Я не специалист в этом вопросе, но мне кажется, что грузовик ГАЗ-АА превзошел себя. И это не современный вездеход, а самая обыкновенная, примитивная, как теперь говорят, полуторка! Честь и хвала этой полуторке!
Между прочим в то время был организован знаменитый автопробег Москва-Ташкент.
О нем много говорили, а в газетах писали как о героическом. Наверное так и было, а мы посмеивались над этим пробегом. У них было с собой все необходимое, включая передвижную автомастерскую, а у нас даже запасного аккумулятора не было. Они один раз пересекли пески, а мы исколесили их вдоль и поперек. У них была связь с внешним миром, а у нас ее не было..."

Вскоре после начала Великой Отечественной войны из-за недостатка тонкой холоднокатанной стали и ряда комплектующих, поставлявшихся сторонними предприятиями, ГАЗ вынужден был перейти на выпуск упрощённого военного грузовика ГАЗ-ММ-В, у которого двери были заменены треугольными боковыми загородками и сворачиваемыми брезентовыми дверями, крылья были выполнены из кровельного железа методом простой гибки, отсутствовали тормоза на передних колёсах, оставлена только одна фара головного света и с неоткидными боковыми бортами.

В 1944 году довоенная комплектация была восстановлена: появились деревянные двери, то есть кабина опять стала деревянно-металлической (и оставалась таковой до окончания производства грузовика), снова появились передние тормоза, откидные боковые борта и вторая фара.

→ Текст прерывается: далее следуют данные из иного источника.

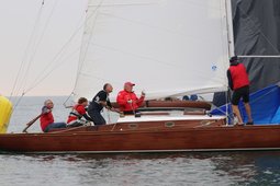 Für Sonntag wurde Startbereitschaft 9:00h signalisiert. Tatsächlich waren alle um 9.00h draußen an der Startlinie. Bei Nord bzw. Nord-Ost-Wind, ca. 2 Bft., abflauend, ging es auf die Bahn. Wir passierten zwar als erste die Luvtonne, die Freude währte aber nicht lange. Die May gewann vor dem Schelm und dem Schuft.Auch die zweite Wettfahrt bei weiter abflauendem Nordwind sah die Favoriten vorn. Schuft vor Pfeil mit neuem 8-fach durchgelattetem Großsegel und der May.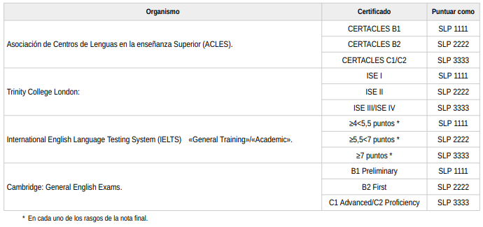 El nivel a puntuar corresponde a la mínima calificación obtenida en cualquiera de las destrezas, con independencia del nivel global que figure en la certificación que se aporte y se deberán haber superado todas las destrezas de que conste dicha certificación.

Часто можно было видеть как здоровенный грузовик везет в просторном кузове небольшой ящик или пару рабочих, укрывшихся от ветра за высоким кузовом.
Грузовики останавливали и просили подвезти куда-нибудь, как сейчас останавливают легковушку.
Некоторые начальники использовали их в качестве легковых авто (за неимением последних) и разъезжали по делам службы, сидя в огромном грузовике.

Нормой было ездить и в кузове грузовика.
Автобусов катастрофически не хватало, зато грузовиков было много.
За городом даже детей иногда возили в кузове, правда, заставляя их сидеть и не вставать.
Даже на Всемирном фестивале молодежи в 1957 году гостей фестиваля, и советских и иностранцев, возили по Москве на грузовиках.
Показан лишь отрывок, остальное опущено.